_Task description:_ The entries are to be written out word for word, with their images left out.

--- START ---

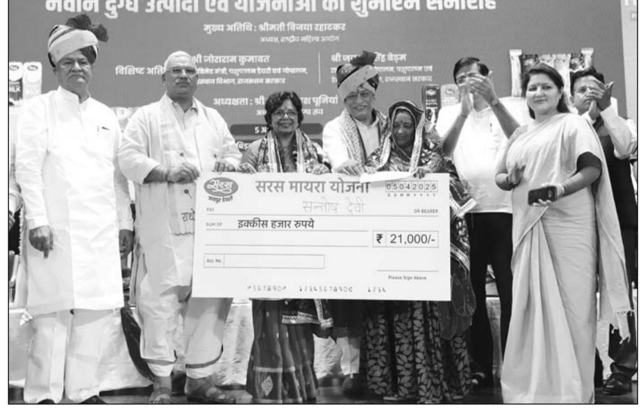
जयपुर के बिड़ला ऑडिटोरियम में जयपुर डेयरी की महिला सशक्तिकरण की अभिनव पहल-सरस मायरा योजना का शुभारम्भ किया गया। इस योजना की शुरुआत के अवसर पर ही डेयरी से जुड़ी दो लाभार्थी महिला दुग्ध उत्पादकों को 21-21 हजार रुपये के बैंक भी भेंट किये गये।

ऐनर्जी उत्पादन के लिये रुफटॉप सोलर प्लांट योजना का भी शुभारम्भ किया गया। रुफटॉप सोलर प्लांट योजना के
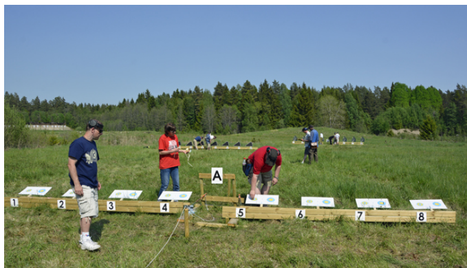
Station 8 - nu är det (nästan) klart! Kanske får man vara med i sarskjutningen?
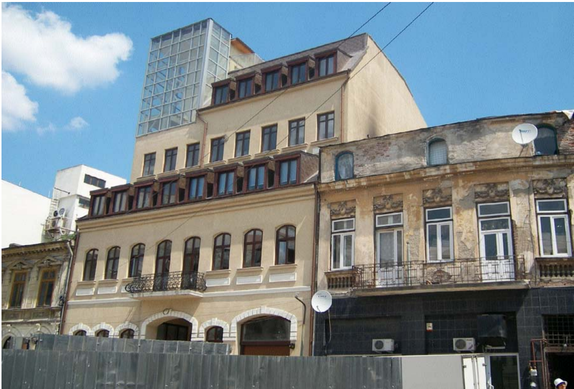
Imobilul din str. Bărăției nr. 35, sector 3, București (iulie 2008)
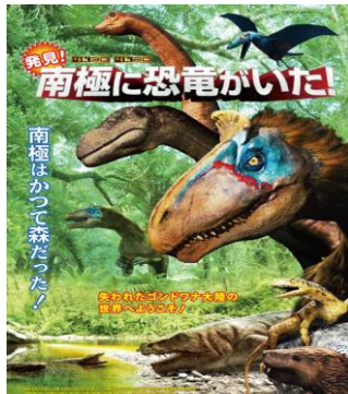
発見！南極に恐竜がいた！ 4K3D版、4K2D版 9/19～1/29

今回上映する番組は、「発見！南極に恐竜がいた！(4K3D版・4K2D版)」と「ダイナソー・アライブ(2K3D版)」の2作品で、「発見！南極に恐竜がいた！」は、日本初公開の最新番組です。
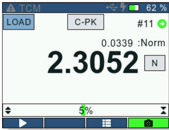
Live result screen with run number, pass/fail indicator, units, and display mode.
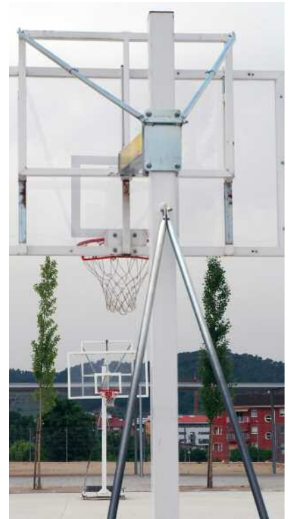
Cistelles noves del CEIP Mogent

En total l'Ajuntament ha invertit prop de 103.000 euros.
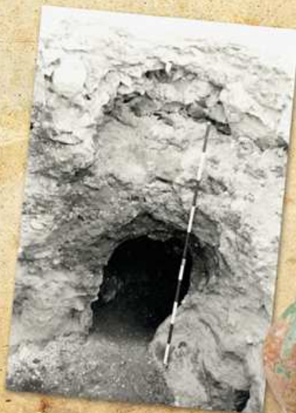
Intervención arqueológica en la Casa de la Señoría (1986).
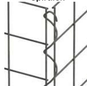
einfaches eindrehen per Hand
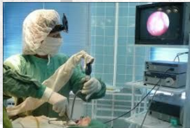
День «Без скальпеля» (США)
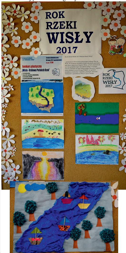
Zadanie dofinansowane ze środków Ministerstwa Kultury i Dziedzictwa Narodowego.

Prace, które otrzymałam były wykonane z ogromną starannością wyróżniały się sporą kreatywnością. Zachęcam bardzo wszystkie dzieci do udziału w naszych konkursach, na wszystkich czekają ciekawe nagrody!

--- END ---

_Task solution:_
जयपुर के बिड़ला ऑडिटोरियम में जयपुर डेयरी की महिला सशक्तिकरण की अभिनव पहल-सरस मायरा योजना का शुभारम्भ किया गया। इस योजना की शुरुआत के अवसर पर ही डेयरी से जुड़ी दो लाभार्थी महिला दुग्ध उत्पादकों को 21-21 हजार रुपये के बैंक भी भेंट किये गये।

ऐनर्जी उत्पादन के लिये रुफटॉप सोलर प्लांट योजना का भी शुभारम्भ किया गया। रुफटॉप सोलर प्लांट योजना के
Station 8 - nu är det (nästan) klart! Kanske får man vara med i sarskjutningen?
Imobilul din str. Bărăției nr. 35, sector 3, București (iulie 2008)
発見！南極に恐竜がいた！ 4K3D版、4K2D版 9/19～1/29

今回上映する番組は、「発見！南極に恐竜がいた！(4K3D版・4K2D版)」と「ダイナソー・アライブ(2K3D版)」の2作品で、「発見！南極に恐竜がいた！」は、日本初公開の最新番組です。
Live result screen with run number, pass/fail indicator, units, and display mode.
Cistelles noves del CEIP Mogent

En total l'Ajuntament ha invertit prop de 103.000 euros.
Intervención arqueológica en la Casa de la Señoría (1986).
einfaches eindrehen per Hand
День «Без скальпеля» (США)
Zadanie dofinansowane ze środków Ministerstwa Kultury i Dziedzictwa Narodowego.

Prace, które otrzymałam były wykonane z ogromną starannością wyróżniały się sporą kreatywnością. Zachęcam bardzo wszystkie dzieci do udziału w naszych konkursach, na wszystkich czekają ciekawe nagrody!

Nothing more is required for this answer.